Could this be right? It doesn't seem to work when I try in Maple. What else could I do?

I already know that the end sequence will be $\binom{2n-1}{n-2}$ if this can help...

Answer 1

Expand out the product, and look at what each term is the generating function for.

Answer 2

Expanding the product, and after some algebra: $$ g(z) = \frac{1}{2} \left(\frac{\sqrt{1-4 z}-1}{z}+\frac{1}{\sqrt{1-4 z}}+1\right) $$ Using generalized binomial theorem: $$ [z]^n g(z) = \frac{1}{2} \left( \delta_{n,0} + \binom{1/2}{n+1} (-4)^{n+1} + \binom{-1/2}{n} (-4)^n \right) $$ Using $$ \begin{eqnarray} \binom{-1/2}{n} - 4 \binom{1/2}{n+1} &=& \frac{\Gamma(1/2)}{n! \Gamma(1/2-n)} - \frac{\Gamma(3/2)}{(n+1)! \Gamma(1/2-n)} \\ &=& (-1)^n (n-1) \frac{\Gamma(1/2+n) \Gamma(n+1)}{\Gamma(1/2) (n+1)!n!} \\ &=& (-1)^n (n-1) \frac{(2n)!}{4^n (n+1)!n!} \\ &=& (-1)^n \frac{(2n-1)!}{2 \cdot 4^{n-1} (n+1)!(n-2)!} = 2 \cdot \frac{(-1)^n}{4^n} \cdot \binom{2n-1}{n+1} \end{eqnarray} $$ Hence, using Iverson's bracket: $$ [z]^n g(z) = \binom{2n-1}{n+1} \left[ n \ge 2 \right] $$

Answer 3

It’s not necessary to use the generalized binomial theorem and the gamma function.
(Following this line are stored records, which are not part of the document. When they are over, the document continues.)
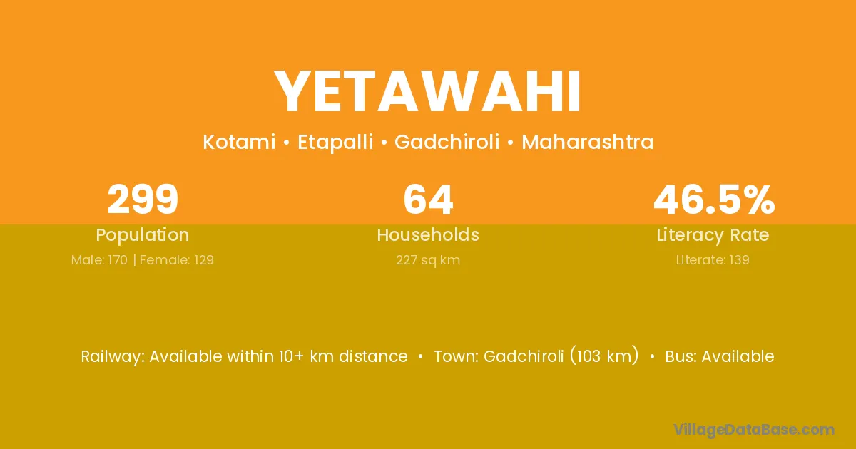 Gadchiroli (103 km) is the nearest town to Yetawahi village for major economic activities and is located approximately 103 km away.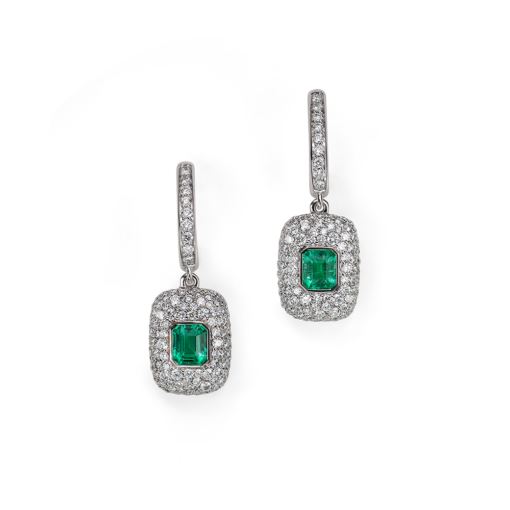 Ohrhänger in Weissgold 750 mit Smaragden und Brillanten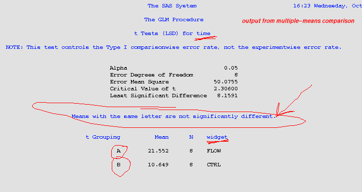 Here's another portion of the sample script's output, corresponding to the multiple-means comparison (in this particular example, the output here isn't very interesting):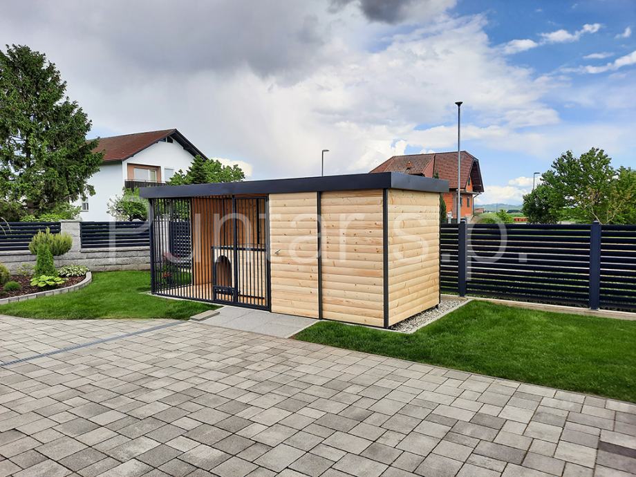 Okoli strehe so aluminijaste obrobe. Streha ima tudi žleb.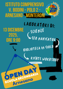 13 Dicembre - Open day della secondaria di primo grado per i plessi di Monteroni - Arnesano.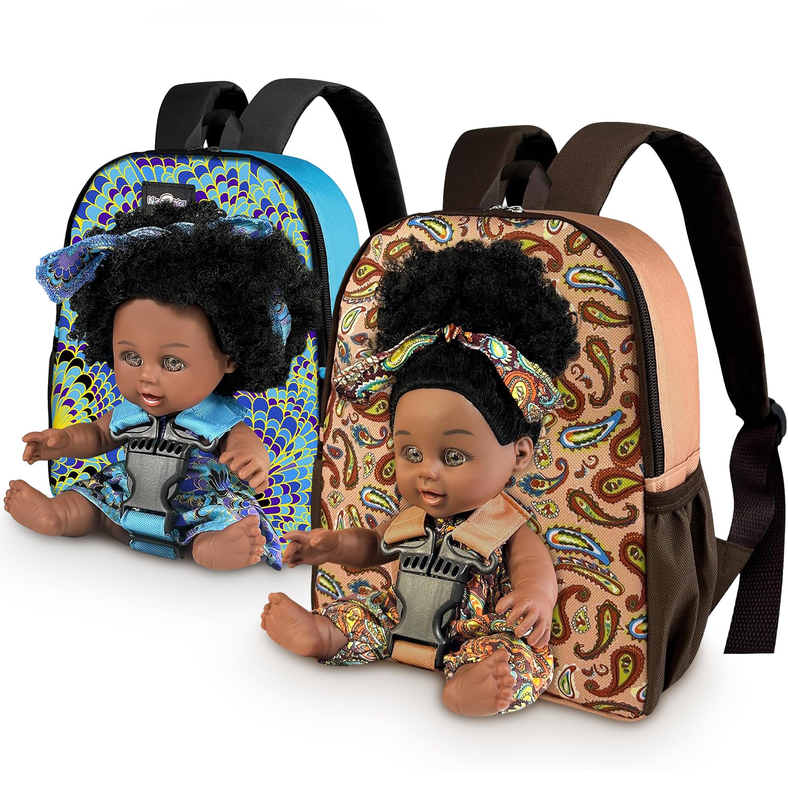 Paquete de 2 muñecas negras en mochila para llevar, muñeca africana americana de 10 pulgadas para niños pequeños y niños de 2, 4,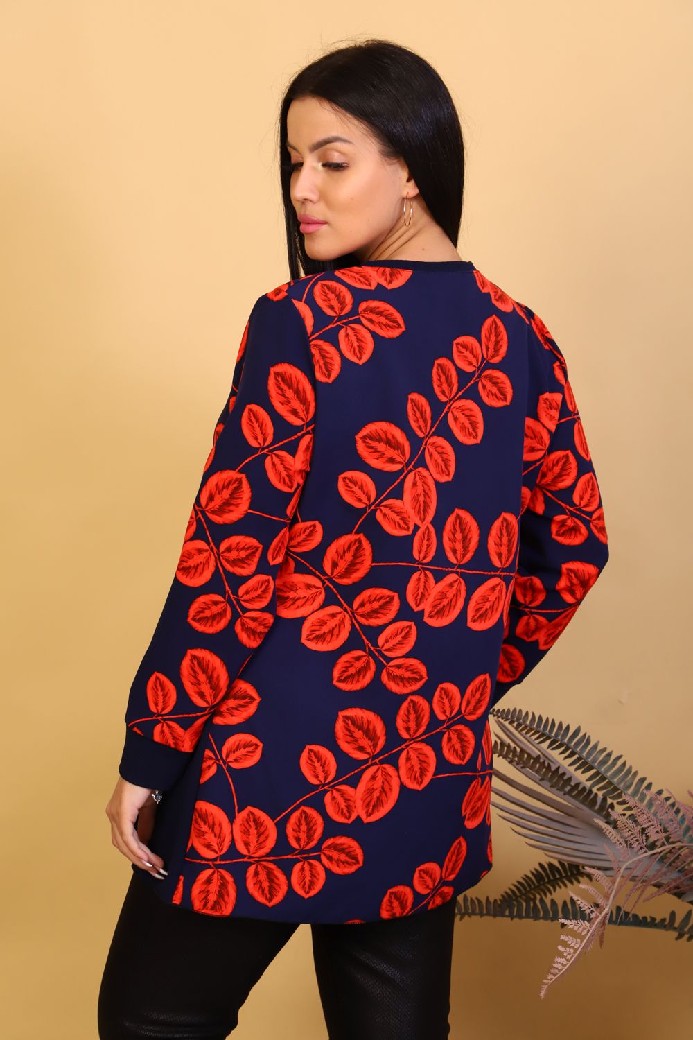 Туника свободного кроя. Округлая горловина отделана кантом. Длинный рукав на манжете. На передней полочке от линии талии с боку присборена вставка. Спереди декоративные пуговицы. Очень удобная и красивая.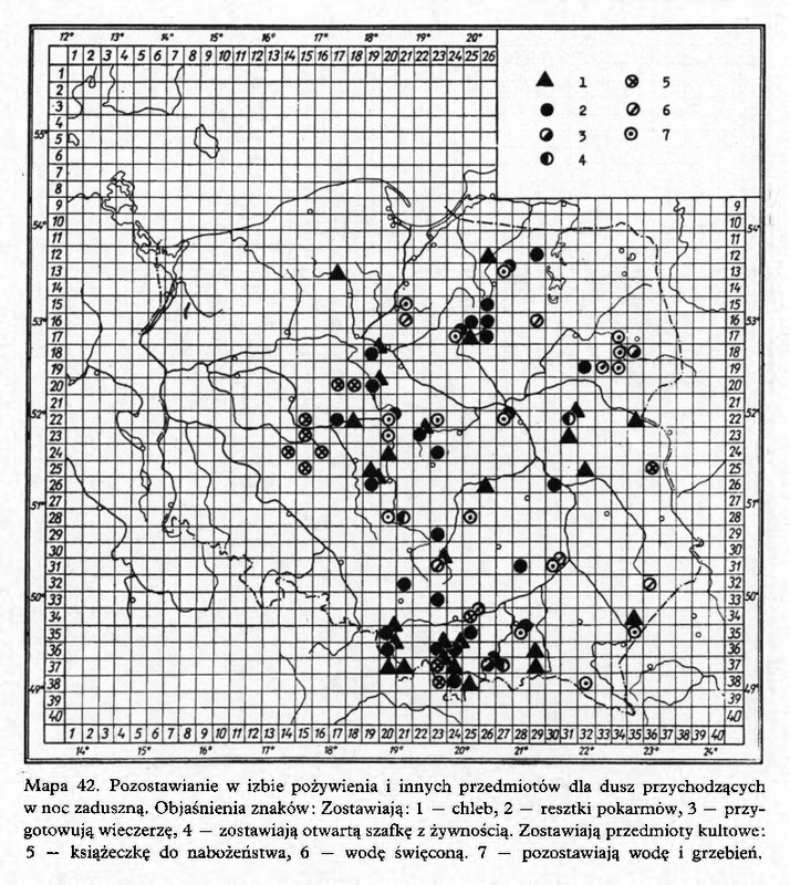 Pozostawienie w izbie pożywienia i innych przedmiotów dla dusz przychodzących w noc zaduszną/ Komentarze do Polskiego Atlasu Etnograficznego (mapy)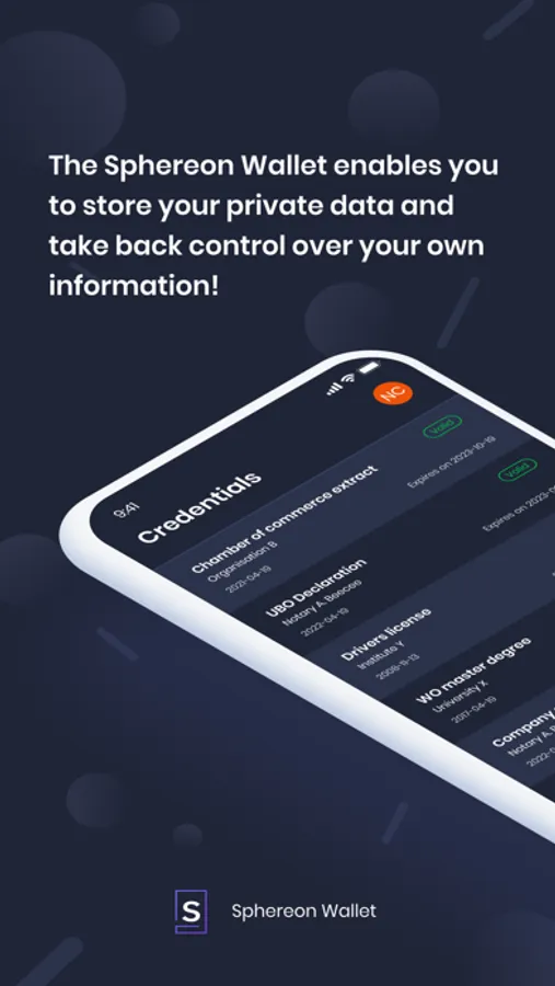 The Sphereon Wallet is a new breed of open, privacy-preserving applications, that gives you full and sole control over your own information. It enables you to manage your own data.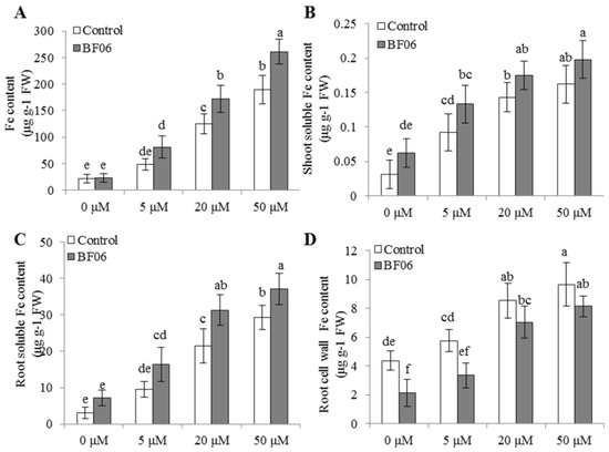 When plants were grown on the medium without the Fe source, BF06 VOCs exposure obviously ameliorated plant Fe deficiency. However, no significant difference in total Fe content was observed between the control and VOCs-exposed plants (Figure 5A). To account for this, the soluble and cell wall Fe was analyzed in the control and VOCs-exposed plants. The soluble Fe content of shoots or roots in the controls was markedly lower than in the VOCs-exposed plants (Figure 5B,C). It has previously been indicated that the cell wall plays an important role in Fe stores in plants under Fe-deficient conditions [45]. Thus, we assessed whether BF06 VOCs exposure promoted the release of root cell wall Fe under Fe-limited conditions. In this study, the cell wall of control roots had less bound Fe than the VOCs-exposed roots (Figure 5D). Similar phenomena were observed where VOCs exposure remarkably increased the soluble Fe in plants under different Fe conditions (Figure 5B,C). Our results implied that the VOCs-induced increase of soluble Fe contributed to enhancing the availability of cell wall Fe.
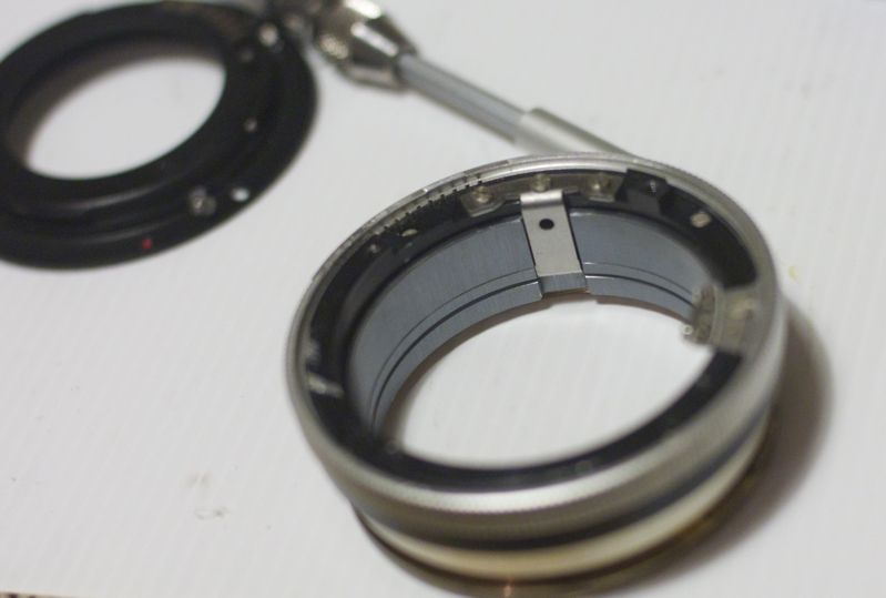 Beim Auseinanderbauen fand ich uebrigens ein kleines Kuegelchen, das beim Umbau auf EF-Mount in die Linse reingefallen war (und nachdem ich vergeblich auf dem Kuechenboden herumgekrabbelt bin) - das haette auch leicht einen Gewindeschaden am Helicoid verursachen koennen. Glueck gehabt.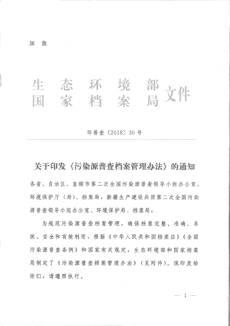環普查【2018】30號關于印發《污染源普查檔案管理辦法》的通知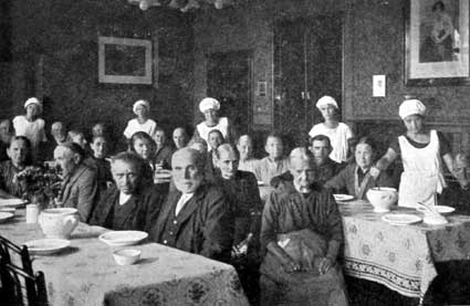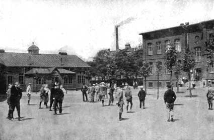 Zweimal Berufsschule: oben der Schulhof, unten eine Altenspeisung

Let $$g(x)=\frac12\left(\frac1{\sqrt{1-4x}}-1\right) \left(\frac{1-\sqrt{1-4x}}{2x}-1\right)$$ and $u=\sqrt{1-4x}$. Then

$$\begin{align*} g(x)&= \frac12\left(\frac1u-1\right)\left(\frac{1-u}{2x}-1\right)\\ &=\frac12\left(\frac{1-u}{2xu}-\frac{1-u}{2x}-\frac1u+1\right)\\ &=\frac12\left(\frac1{2xu}-\frac1x+\frac{u}{2x}-\frac1u+1\right)\\ &=\frac12\left(\frac{1+u^2}{2xu}-\frac1x-\frac1u+1\right)\\ &=\frac12\left(\frac{1-2x}{xu}-\frac1x-\frac1u+1\right)\\ &=\frac12\left(\frac1{xu}-\frac1x-\frac3u+1\right)\\ &=\frac12\left(\frac1x\left(\frac1u-1\right)+1-\frac3u\right)\\ &=\frac12\left(\sum_{k\ge 1}\binom{2k}k x^{k-1}+1-3\sum_{k\ge 0}\binom{2k}k x^k\right)\\ &=\frac12\left(1+\sum_{k\ge 0}\left(\binom{2k+2}{k+1}-3\binom{2k}k\right)x^k\right)\\ &=\frac12\sum_{k\ge 2}\left(\binom{2k+2}{k+1}-3\binom{2k}k\right)x^k. \end{align*}$$

Now

$$\begin{align*} \binom{2k+2}{k+1}-3\binom{2k}k&=\binom{2k+1}k+\binom{2k+1}{k+1}-3\binom{2k}k\\ &=\binom{2k+1}k+\binom{2k}k+\binom{2k}{k-1}-3\binom{2k}k\\ &=\binom{2k+1}k+\binom{2k}{k+1}-2\binom{2k}k\\ &=\binom{2k}{k-1}+\binom{2k}k+\binom{2k}{k+1}-2\binom{2k}k\\ &=\binom{2k}{k-1}-\binom{2k}k+\binom{2k}{k+1}\\ &=\binom{2k}{k-1}-\binom{2k}k+\binom{2k-1}k+\binom{2k-1}{k+1}\\ &=\binom{2k}{k-1}-\binom{2k-1}{k-1}-\binom{2k-1}k+\binom{2k-1}k+\binom{2k-1}{k+1}\\ &=\binom{2k}{k-1}-\binom{2k-1}{k-1}+\binom{2k-1}{k+1}\\ &=\binom{2k-1}{k-2}+\binom{2k-1}{k+1}\\ &=2\binom{2k-1}{k-2}, \end{align*}$$

so $\displaystyle[x^k]g(x)=\binom{2k-1}{k-2}$, as desired.